Each line from the one containing "White Tara Thangka" to the last line of the listing below is to be duplicated exactly, and no picture is to be carried over.

[Dataset excerpt]
━━━

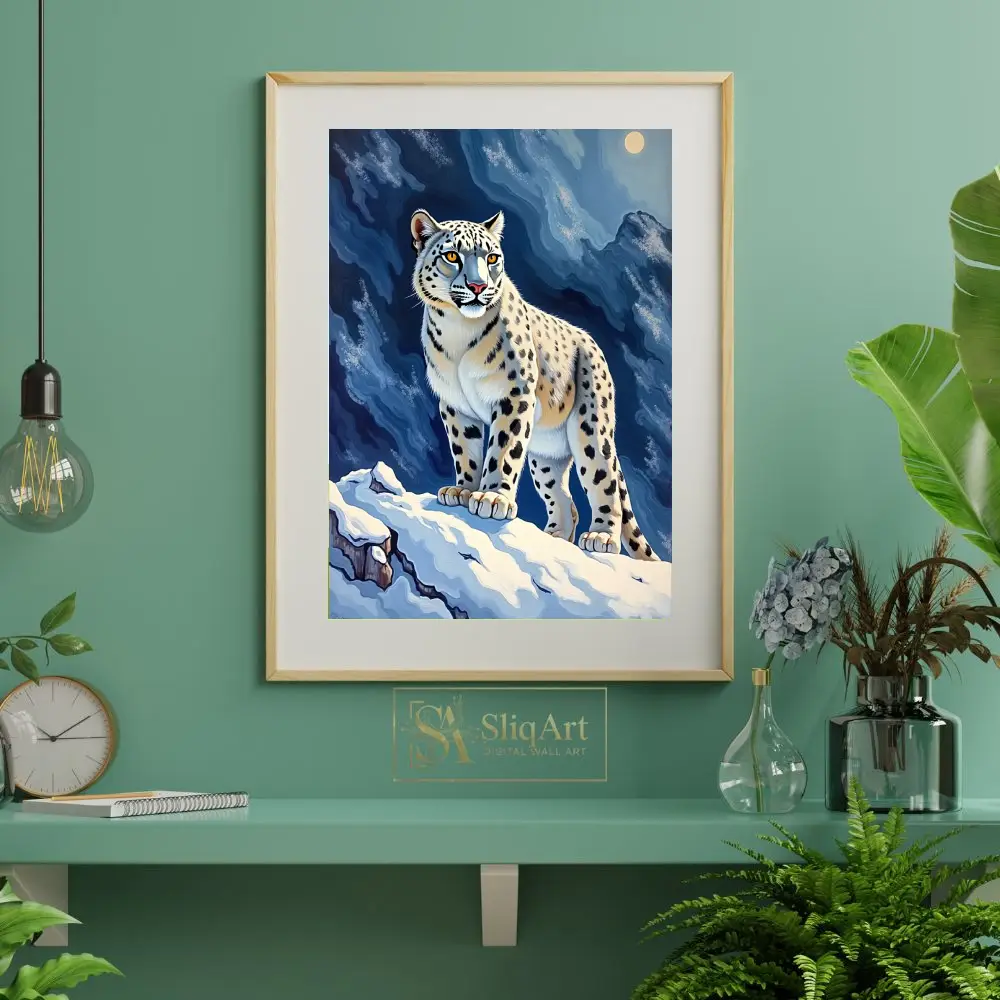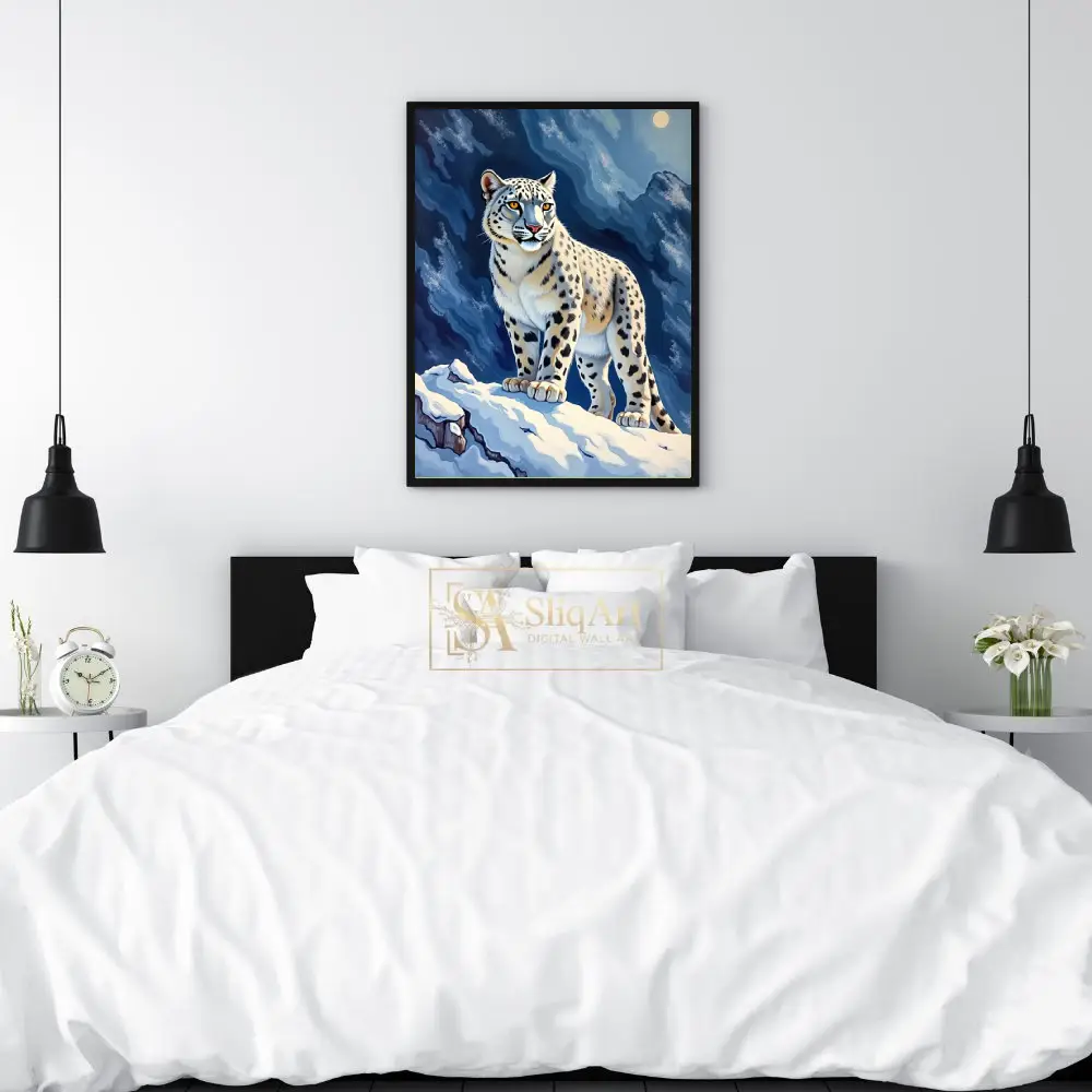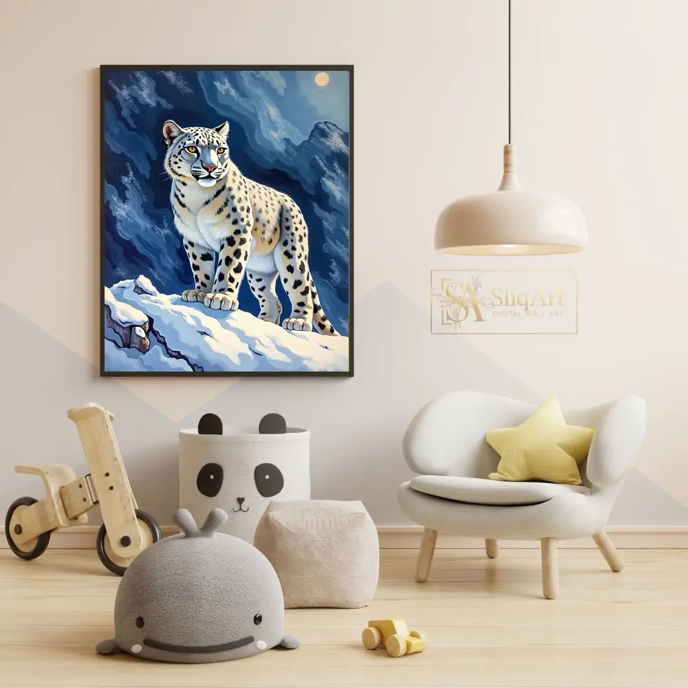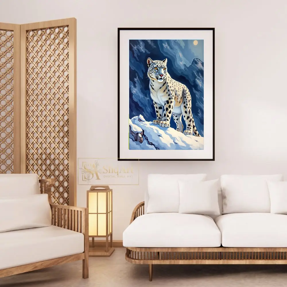 Capture the silent power and ethereal beauty of the high mountains with this stunning snow leopard art piece. Featuring a majestic leopard perched upon a snowy ridge, the artwork uses swirling blue patterns to depict a mystical sky under the glow of a full moon.
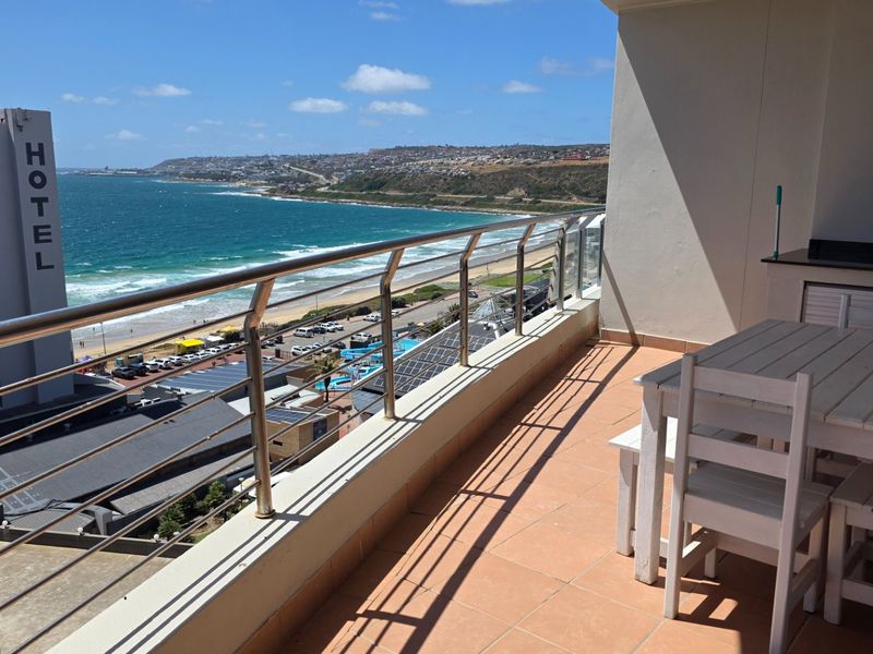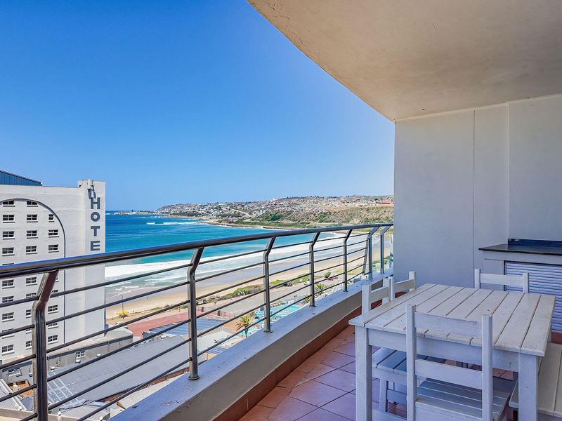 Coastal convenience steps from Diaz Beach and lively attractions, with a private balcony and access to a rooftop communal braai and views — ideal one-bedroom, one-bath with covered parking.
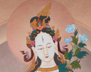White Tara Thangka | Religious Buddhist Artwork | Wall Hanging Decoration
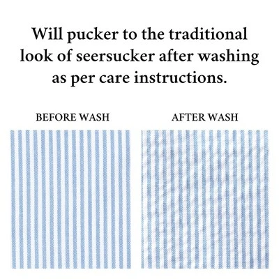 - Button front with faux horn buttons, welt front pockets and chest pocket, and adjustable back strap. Will pucker to the traditional look of seersucker after washing as per care instructions (see detail photo). Machine washable.

━━━

[Task answer]
White Tara Thangka | Religious Buddhist Artwork | Wall Hanging Decoration
 - Button front with faux horn buttons, welt front pockets and chest pocket, and adjustable back strap. Will pucker to the traditional look of seersucker after washing as per care instructions (see detail photo). Machine washable.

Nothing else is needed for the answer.